__Supplied information__.

___

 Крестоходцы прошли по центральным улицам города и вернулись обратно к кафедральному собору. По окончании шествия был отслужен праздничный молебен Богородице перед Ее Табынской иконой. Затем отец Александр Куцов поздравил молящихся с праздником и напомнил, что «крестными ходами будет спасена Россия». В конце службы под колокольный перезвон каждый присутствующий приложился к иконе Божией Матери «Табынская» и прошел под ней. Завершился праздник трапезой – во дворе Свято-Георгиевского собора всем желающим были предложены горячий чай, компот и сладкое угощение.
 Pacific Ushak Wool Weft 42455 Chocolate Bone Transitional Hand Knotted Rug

___

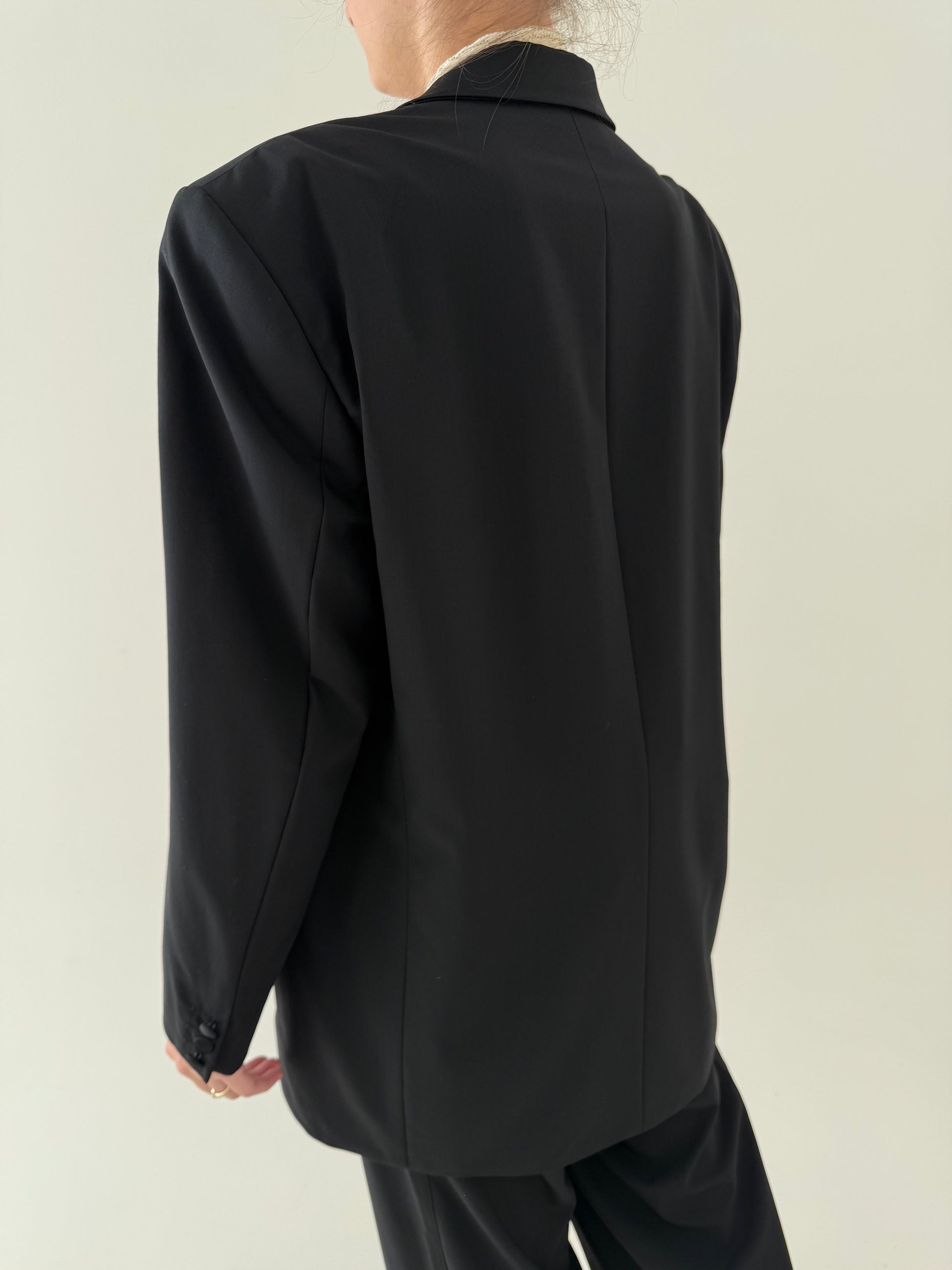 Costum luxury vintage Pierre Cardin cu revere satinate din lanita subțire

___

__Goal of the exercise__. Working from the records above, write out verbatim only the lines from the line containing "Крестоходцы прошли по" through the line containing "Pacific Ushak Wool".

__Result__.
 Крестоходцы прошли по центральным улицам города и вернулись обратно к кафедральному собору. По окончании шествия был отслужен праздничный молебен Богородице перед Ее Табынской иконой. Затем отец Александр Куцов поздравил молящихся с праздником и напомнил, что «крестными ходами будет спасена Россия». В конце службы под колокольный перезвон каждый присутствующий приложился к иконе Божией Матери «Табынская» и прошел под ней. Завершился праздник трапезой – во дворе Свято-Георгиевского собора всем желающим были предложены горячий чай, компот и сладкое угощение.
 Pacific Ushak Wool Weft 42455 Chocolate Bone Transitional Hand Knotted Rug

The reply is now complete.